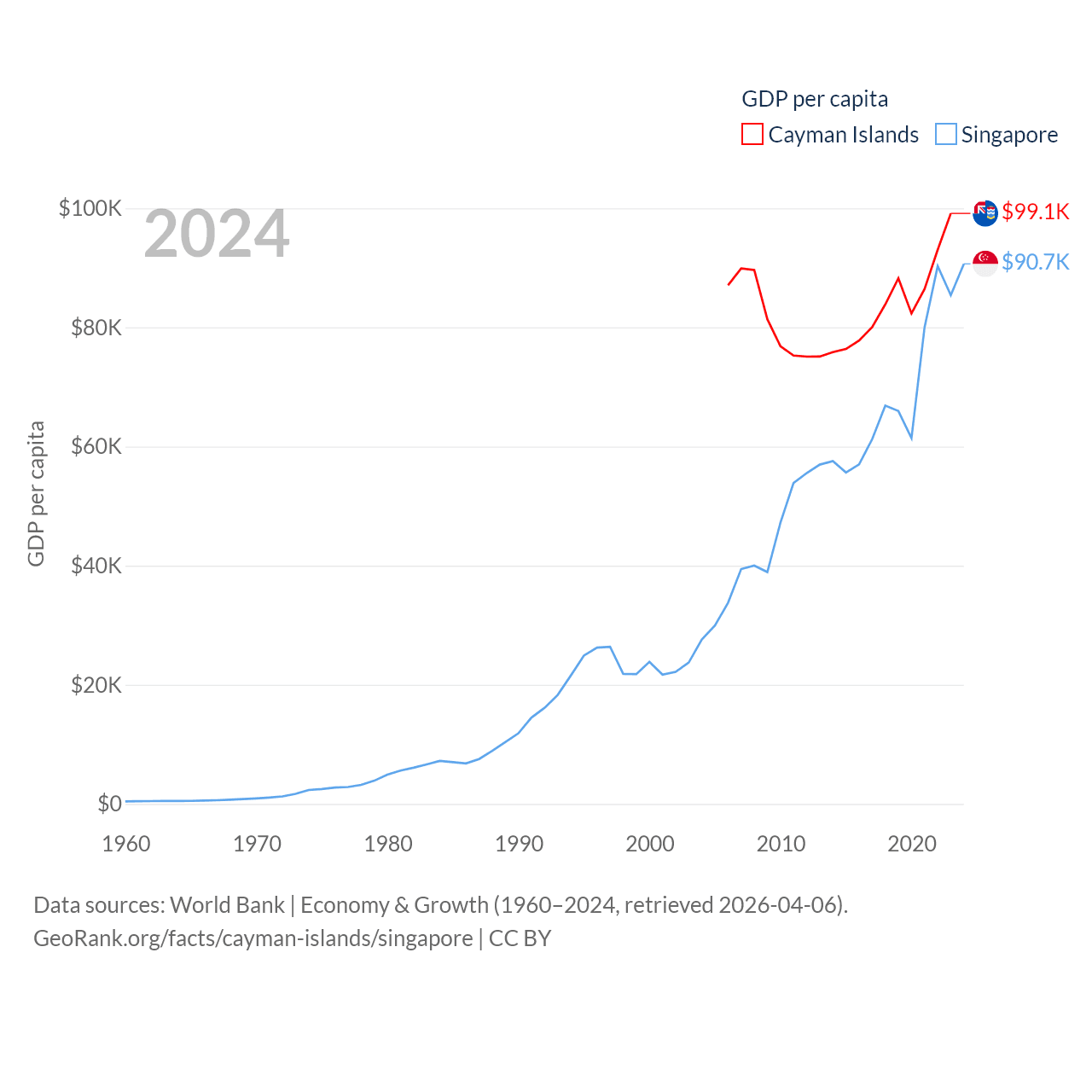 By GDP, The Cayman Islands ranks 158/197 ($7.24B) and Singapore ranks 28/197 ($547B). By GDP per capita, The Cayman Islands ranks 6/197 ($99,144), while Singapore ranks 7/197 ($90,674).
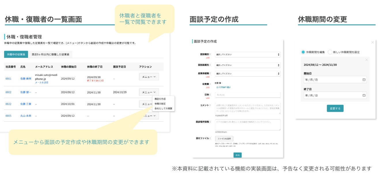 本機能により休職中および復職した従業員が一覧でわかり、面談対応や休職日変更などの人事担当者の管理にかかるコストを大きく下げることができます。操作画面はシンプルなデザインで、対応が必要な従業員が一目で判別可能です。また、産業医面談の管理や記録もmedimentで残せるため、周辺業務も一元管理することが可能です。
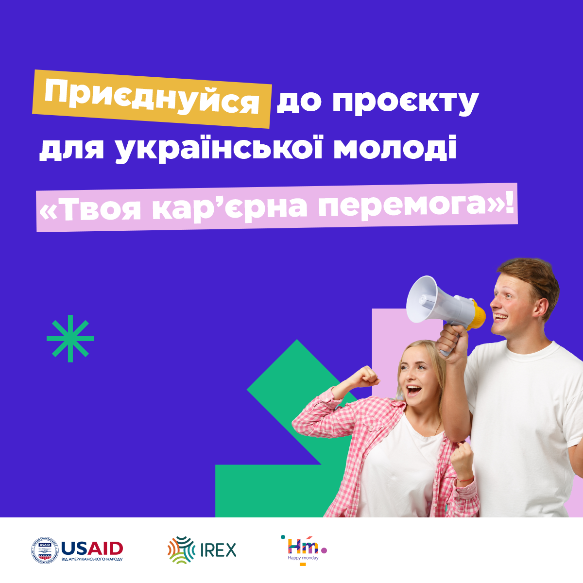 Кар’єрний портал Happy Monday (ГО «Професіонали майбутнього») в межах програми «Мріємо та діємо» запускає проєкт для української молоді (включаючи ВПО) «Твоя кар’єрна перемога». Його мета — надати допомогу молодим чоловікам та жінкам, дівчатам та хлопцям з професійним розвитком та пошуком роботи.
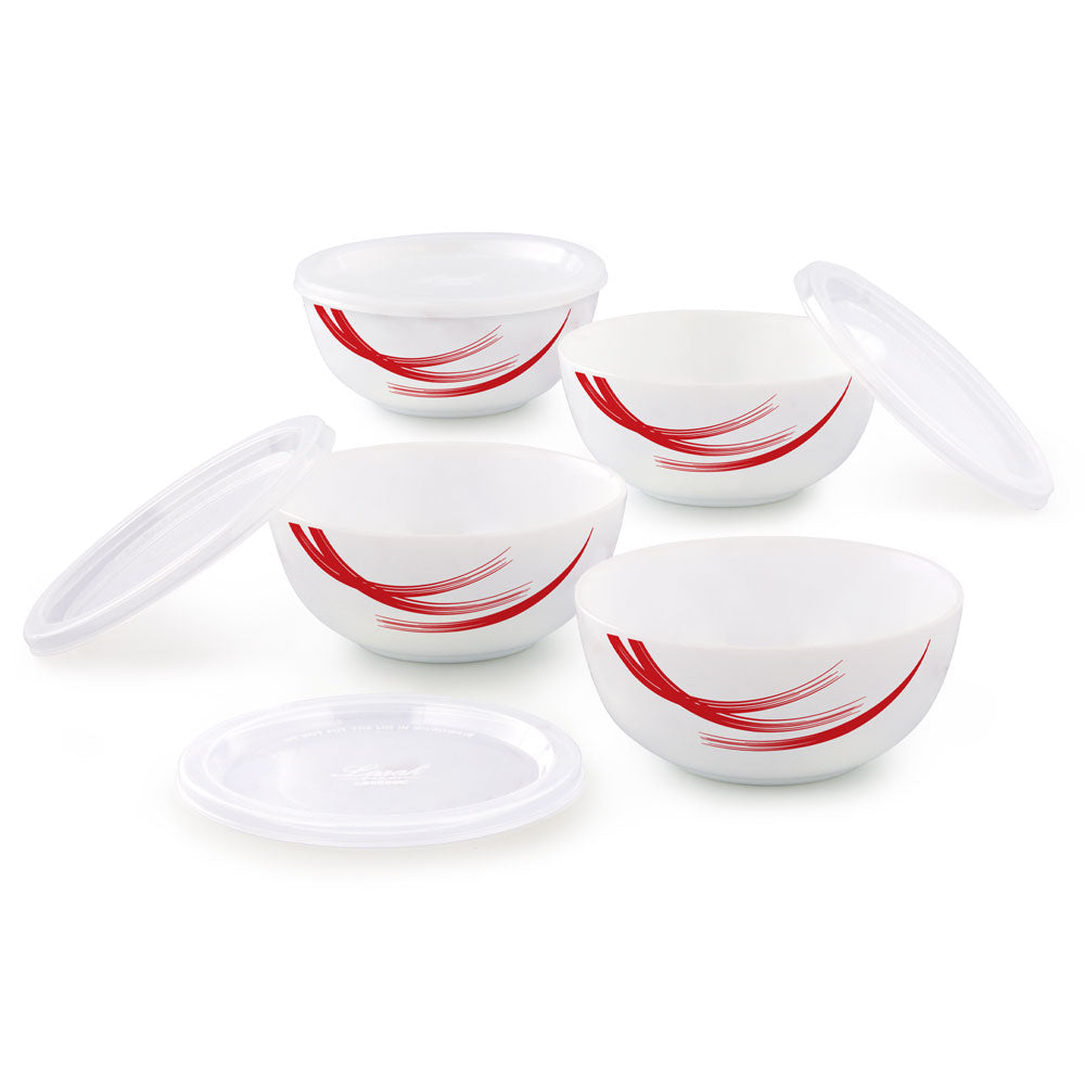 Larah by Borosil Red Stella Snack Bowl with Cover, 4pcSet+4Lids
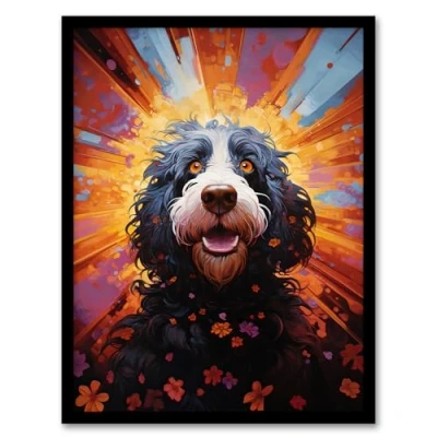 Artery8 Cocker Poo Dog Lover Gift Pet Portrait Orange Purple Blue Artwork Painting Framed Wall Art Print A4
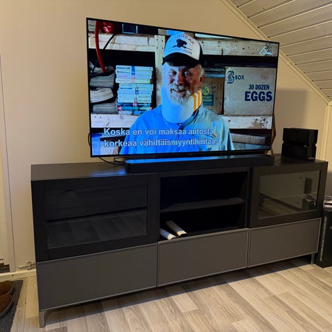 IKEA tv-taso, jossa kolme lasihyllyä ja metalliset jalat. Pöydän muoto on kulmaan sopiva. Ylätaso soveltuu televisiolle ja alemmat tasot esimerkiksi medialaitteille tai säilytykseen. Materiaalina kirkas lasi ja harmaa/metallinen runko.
━━━━━━━━━━━━━━━━━━━━
• **EXERCISE DIRECTIONS**: Inclusive range, exact copy: the line containing "Artery8 Cocker Poo" through the last line of the listing. Print nothing else, and no pictures.

• **FINISHED TASK**:
 Artery8 Cocker Poo Dog Lover Gift Pet Portrait Orange Purple Blue Artwork Painting Framed Wall Art Print A4
 IKEA tv-taso, jossa kolme lasihyllyä ja metalliset jalat. Pöydän muoto on kulmaan sopiva. Ylätaso soveltuu televisiolle ja alemmat tasot esimerkiksi medialaitteille tai säilytykseen. Materiaalina kirkas lasi ja harmaa/metallinen runko.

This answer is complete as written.